United States government official

The assistant secretary of defense for health affairs (ASD(HA)) is chartered under United States Department of Defense Directive (DoDD) 5136.1 in 1994. This DoDD states that the ASD(HA) is the principal advisor to the secretary of defense on all "DoD health policies, programs and activities". In addition to exercising oversight of all DoD health resources, ASD(HA) serves as director of the Tricare Management Activity.

The ASD(HA) reports to the undersecretary of defense (personnel and readiness), or USD(P&R).
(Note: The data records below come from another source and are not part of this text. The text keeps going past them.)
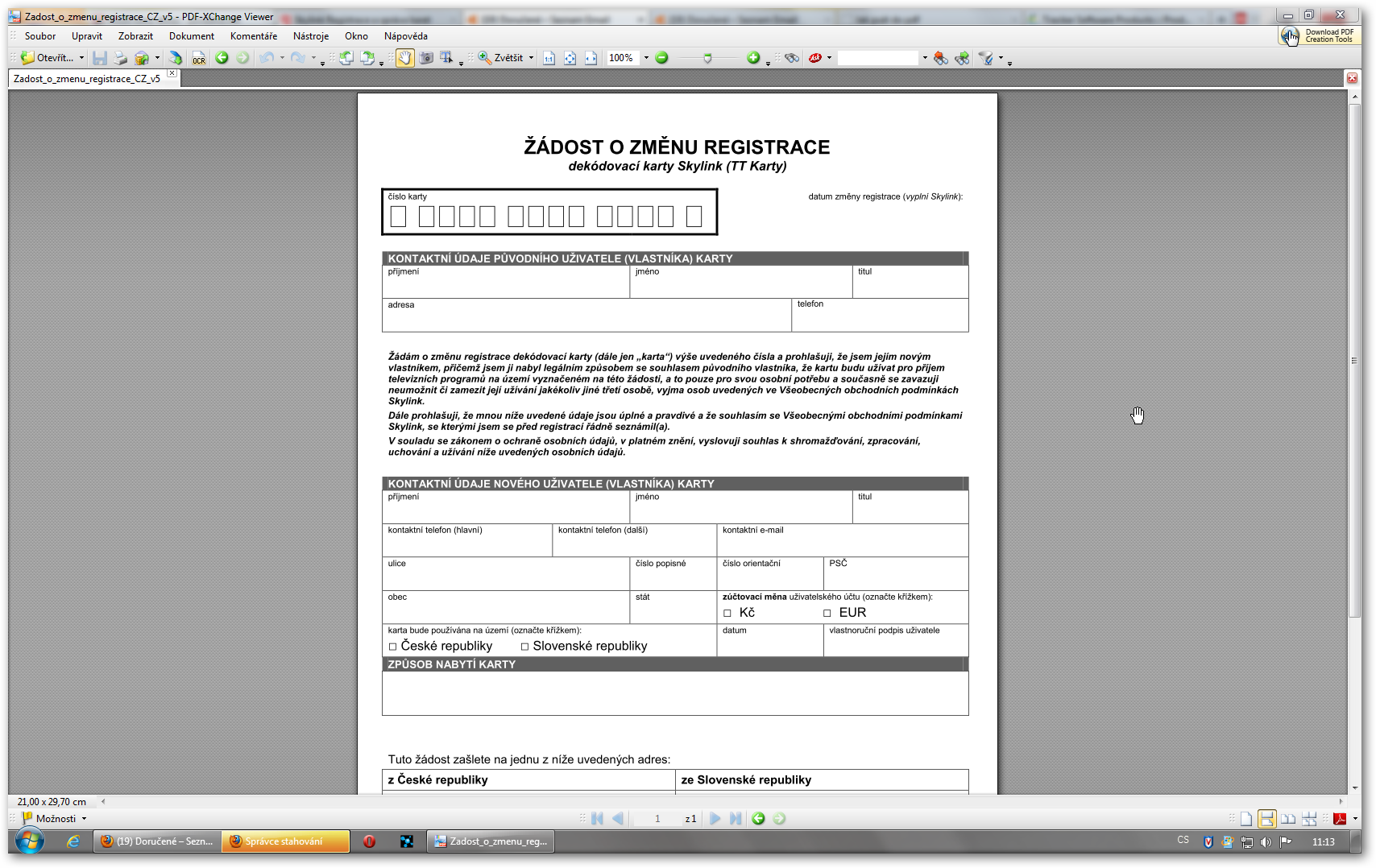 Nejedná se o "formulářové" PDF, ale pouze o tiskopis - stáhnout, vytisknout, vyplnit, zaslat poštou…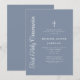 Elegant Dusty Blue Script Boy First Communion Invitation.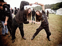 La masse de spectateurs venue prendre une jolie leçon de live avec ANNIHILATOR (la plaine était pour l’occasion remplie au delà de la régie !) voit maintenant sa population considérablement réduite et le dernier groupe s’avancer avec ROTTEN SOUND qui, comme son nom l’indique, nous enverra un son saturé, rouillé et terriblement violent pour fêter ses 20 bougies... Il faudra effectivement être amateur de gros blast beats et de chants brutalement gutturaux pour apprécier cette fracassante clôture du Samedi et se laisser aller à quelques pogos. Ce ne sera à première vue, malgré quelques rares passages plus orientés death que grind brut de décoffrage, pas un succès retentissant pour la formation à laquelle le public aura plus tendance à préférer le camping et la compagnie d’une tente ou d’un charmant verre de whisky entre "voisins" à la Supositor... C’est sur cette note profonde de par son agressivité mais plutôt mal choisie pour compléter la soirée, que va s’achever cette seconde journée de festival. C’est maintenant sur le camping que le plus clair de l’action va se dérouler, des scènes de ménage, des apéros, des éclats de voix, de rires, des chansons payardos-médiévales et encore des apéros après une rude journée ponctuée de rencontres avec, au choix, Papy Metal ou Alien autour du Metal Market et surtout d’interminables parties de volley à 40 entre parking et camping, bières en main !!! Le public perclus de courbatures aura certainement en tête de bien belles prestations comme celles d’HACRIDE ou GOROD mais surtout celles d’ORPHANED LAND et d’ANNIHILATOR ainsi que des efforts fournis par les régies pour contribuer tout en son et en lumière au bon déroulement des hostilités, aucun accroc notoire ne sera à déplorer si ce n’est le triste célèbre temps d’Ouest venu s’inviter aujourd’hui !...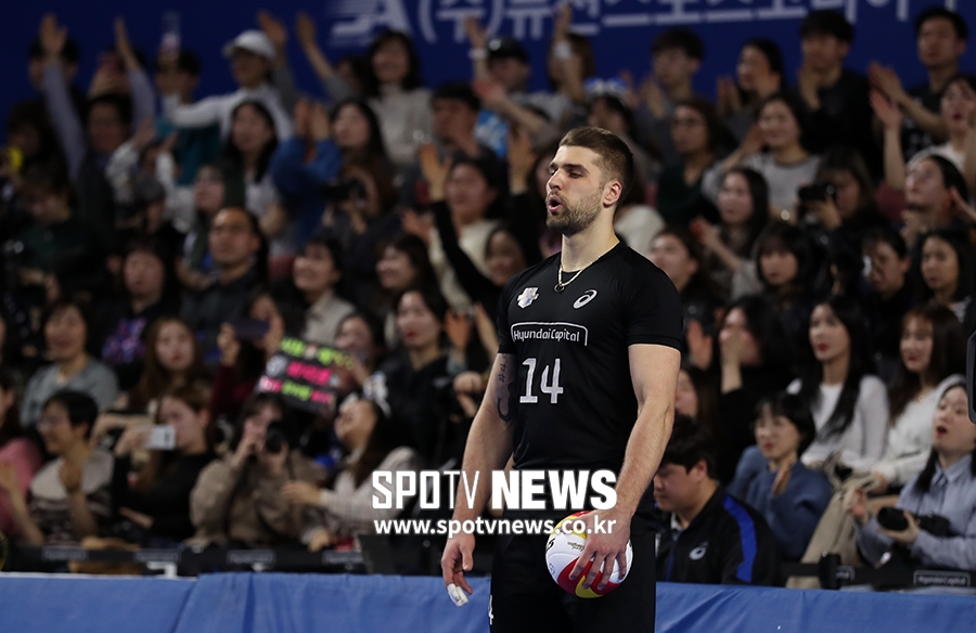 [스포티비뉴스=천안, 한희재 기자] 현대캐피탈과 대한항공의 2018-2019 도드람 V리그 챔피언 결정전 3차전이 26일 오후 충남 천안 유관순체육관에서 열렸다. 서브를 준비하는 현대캐피탈 파다르가 숨을 고르고 있다.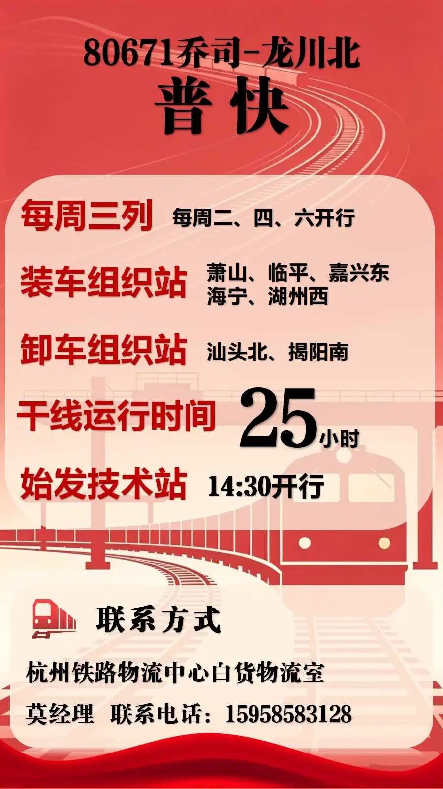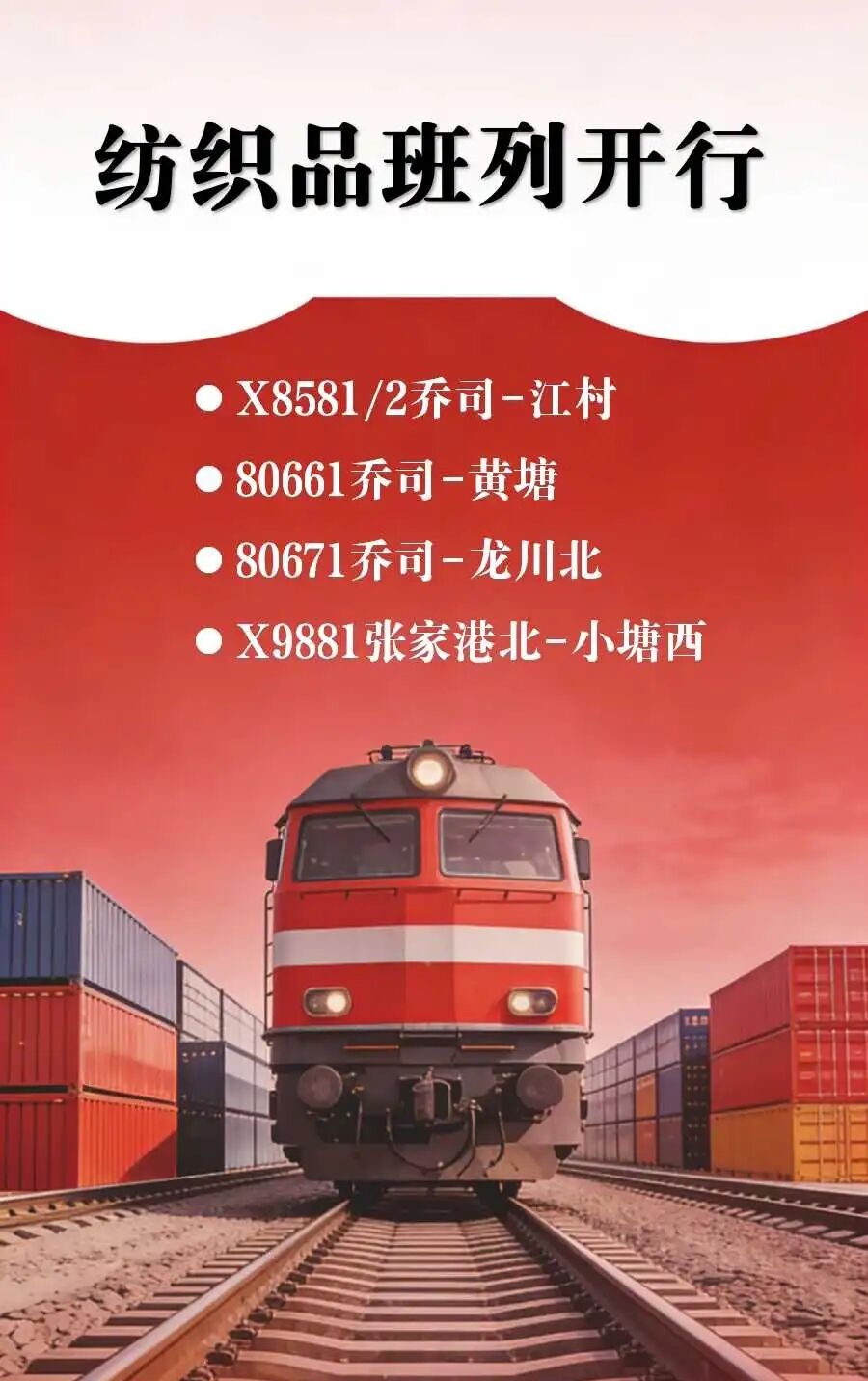 进一步推动形成长三角与珠三角间跨区域产业协作,打造区域间纺织品班列品牌。精准对接纺织业上下游企业需求,新图中新增乔司至江村、张家港北至小塘西、乔司至黄塘、乔司至龙川北间快速多式联运班列、普快多式联运班列、普快城际班列等纺织品牌班列4列,预计新增产品年运能52万吨左右。
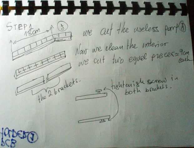 Desde que tenía sólo un soporte que decidí cortarla. Este soporte después de 3 cm doblado en un ángulo de sobre 10degrees. Corté los primeros 12cm y guardé la otra 18cm. La segunda parte no fue doblada con un encendedor que doblado exactamente como el...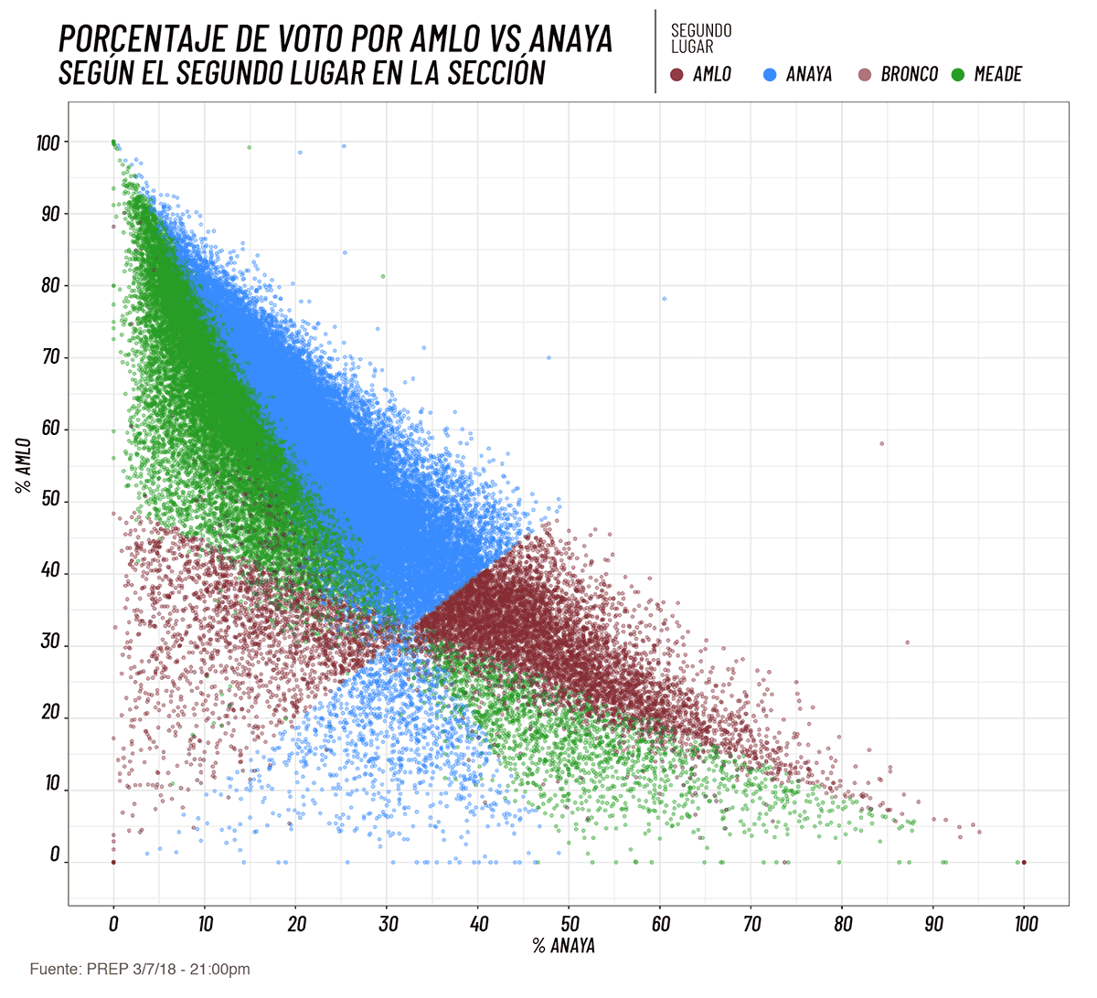 Las consistencia de las segundas preferencia de los votantes resulta evidente si comparamos el porcentaje de votos que obtuvo AMLO vs el que obtuvo Anaya en cada sección y coloreamos cada punto según el candidato que haya quedado en segundo lugar ahí. Cuando AMLO obtuvo un alto porcentaje de los votos, es decir en aquellas secciones en las que factiblemente ganó, Anaya fue el segundo lugar más frecuentemente, aunque Meade conquistó un saludable número de secciones; por el contrario, cuando Anaya obtuvo más de la mitad de los votos, es decir en secciones en las que el candidato del FRENTE fue el favorito, AMLO fue el segundo lugar en mucho mayor proporción que Meade. Las secciones en las que tanto Anaya como AMLO obtuvieron menos del 30% de los votos, es decir en las que probablemente ganó Meade, se dividieron el segundo puesto de manera bastante equitativa entre AMLO y Anaya.

A political appointee responsible for the United States Department of Defense's Military Health System, the ASD(HA) is an Executive Service Level IV official. The assistant secretary is nominated by the president of the United States, and confirmed by the United States Senate.

==History==

This position was originally established in 1949 as Chairman, Armed Forces Medical Policy Council. Reorganization Plan No. 6 (1953) abolished the council and transferred its functions to a new position, Assistant Secretary of Defense (Health Affairs). In August 1953, some functions of this position were transferred to Assistant Secretary of Defense (Manpower), and the title was changed to Assistant Secretary of Defense (Health and Medical).

The position was abolished completely on January 31, 1961, and for the remainder of the decade, all of its functions were vested in Assistant Secretary of Defense (Manpower). However, Congress authorized a permanent assistant secretary position for health affairs in November 1969 (P.L. 91-121). The post was then re-established as Assistant Secretary of Defense (Health and Environment) in June 1970 by Defense Directive 5136.1. In January 1976, the position was re-designated Assistant Secretary of Defense (Health Affairs), a title that has endured to the present day.

==Responsibilities==

The ASD(HA) is responsible for a number of organizations which directly affect the health care of service members and their dependents. These responsibilities are executed through several Senior Executive Service managers, including the principal deputy assistant secretary of defense (health affairs) and the following deputy assistant secretaries:
- Force Health Protection & Readiness (FHP&R)
- Clinical and Program Policy
- Health Budgets and Financial Policy.

Other special activities within Health Affairs' jurisdiction include the TRICARE Management Activity, an extensive network of private physicians and hospitals providing health maintenance to service members. With a $40 billion budget (as of 2005), the Military Health System (MHS) provides care for roughly 9.2 million (as of 2005) people through TRICARE and through more than 70 military hospitals worldwide. MHS comprises over 133,000 military and civilian doctors, nurses, medical educators, researchers, health care providers, allied health professionals, and health administration personnel worldwide.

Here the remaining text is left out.